The authors obtained the contact patterns among 22341 students, which were inferred from the information on class schedules and class rosters for the Spring semester of 2006 in National University of Singapore.
date/time of measurement start: 2006-01-09
date/time of measurement end: 2006-05-06
collection environment: We collected information on class schedules and class rosters for the Spring 2006 semester in which there were 22341 enrolled. Our university, the National University of Singapore, has different colleges (e.g., Engineering, Science, Law) and within each college there are departments (e.g., Electrical and Computer Engineering, Computer Science). Every department offers graduate and undergraduate degrees, and face to face classes are an integral part of these programs. Many classes also have labs and recitations associated with them. For large classes, there are several recitation sessions offered and students sign up for the recitation session which is most convenient to them. The same goes for the labs. At this time of writing, all lessons are conducted on the main campus of the university at Kent Ridge, spanning an area of 146 hectares.

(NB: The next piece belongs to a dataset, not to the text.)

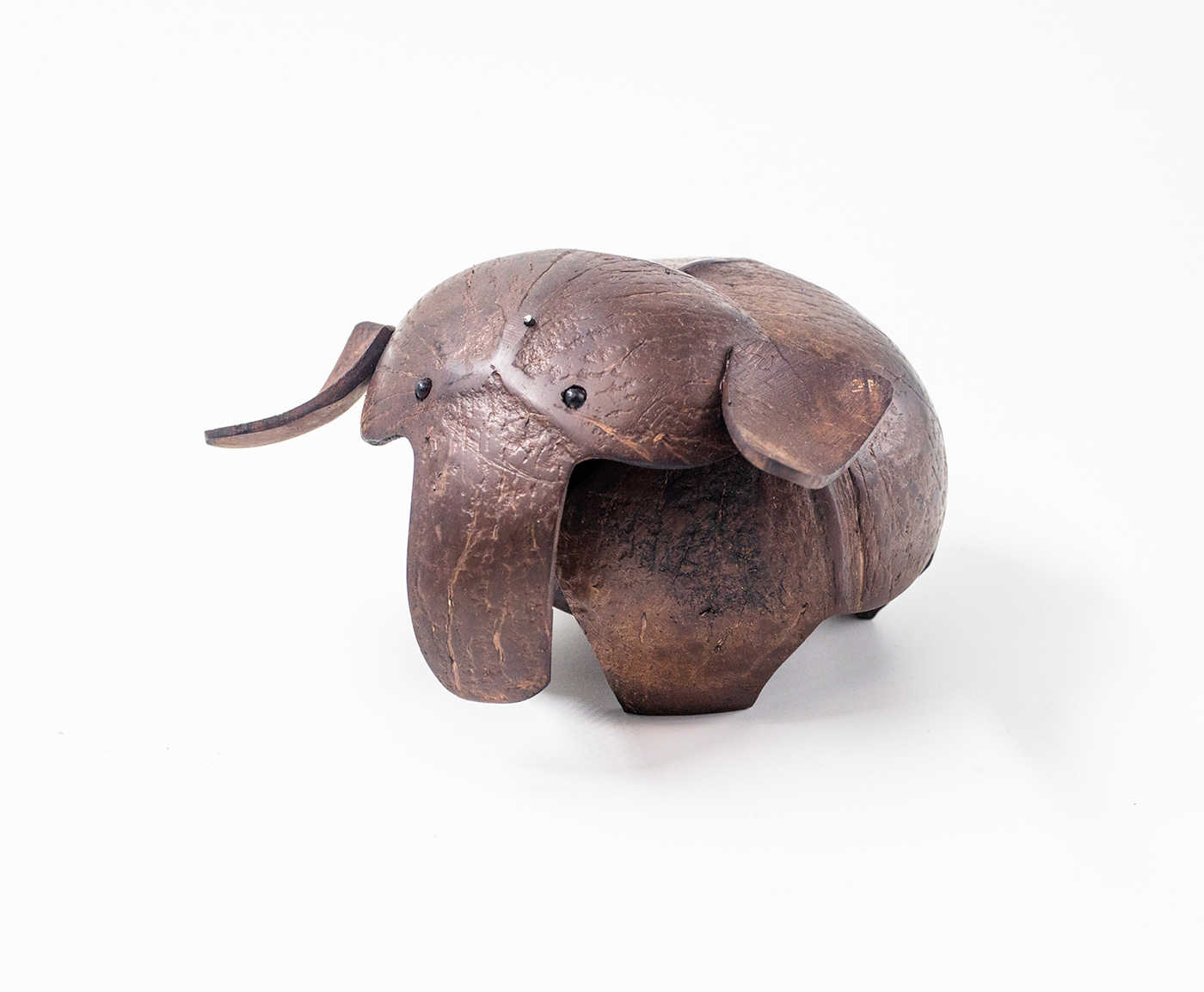 This elephant ornament is made entirely of coconut shell. The elephant’s ears, head, and legs have been separately made with coconut shells and attached to the body. Next, the elephant’s body is hand-carved by our craftsmen. Finally, the complete elephant ornament is waxed to bring a shine to it.Both matt and shine versions are available.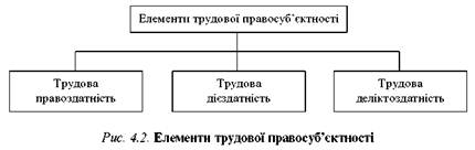 Необхідною умовою для виникнення трудових відносин є трудова правосуб'єктність. Згідно з трудовим правом громадянин володіє єдиною трудовою прав о дієздатністю та де лікто здатністю — здатністю мати й здійснювати трудові права й обов'язки, нести відповідальність за трудові правопорушення. Всі ці елементи виникають одночасно й називаються трудовою правосуб'єктністю (рис. 4.2).

network configuration: Our insight is that accurate information of human contact patterns is available in several special scenarios such as university campuses. If one knows the class schedules and enrollment of students for each class on a campus, it gives us extremely accurate information about contact patterns between students over large time scales. We obtain this information about student enrollment and class schedules from our university.
We can now describe how we infer the contact patterns among students inside classrooms. The rule is simple - two students are in contact with each other if and only if they are in the same venue at the same time. In other words, we assume that as long as two students are in the same classroom, they are within Bluetooth range of each other. This assumption has been validated inside large classrooms on our campus. We also assume that two students who are in different classrooms are out of range of each other, even if one classroom is just next door to the other. We further assume that contacts take place only during business hours, and ignore that fact that students hang around campus for various activities after hours. We note that the last two assumptions are conservative - the number of contacts we obtained is a lower bound of the actual contacts that take place on campus.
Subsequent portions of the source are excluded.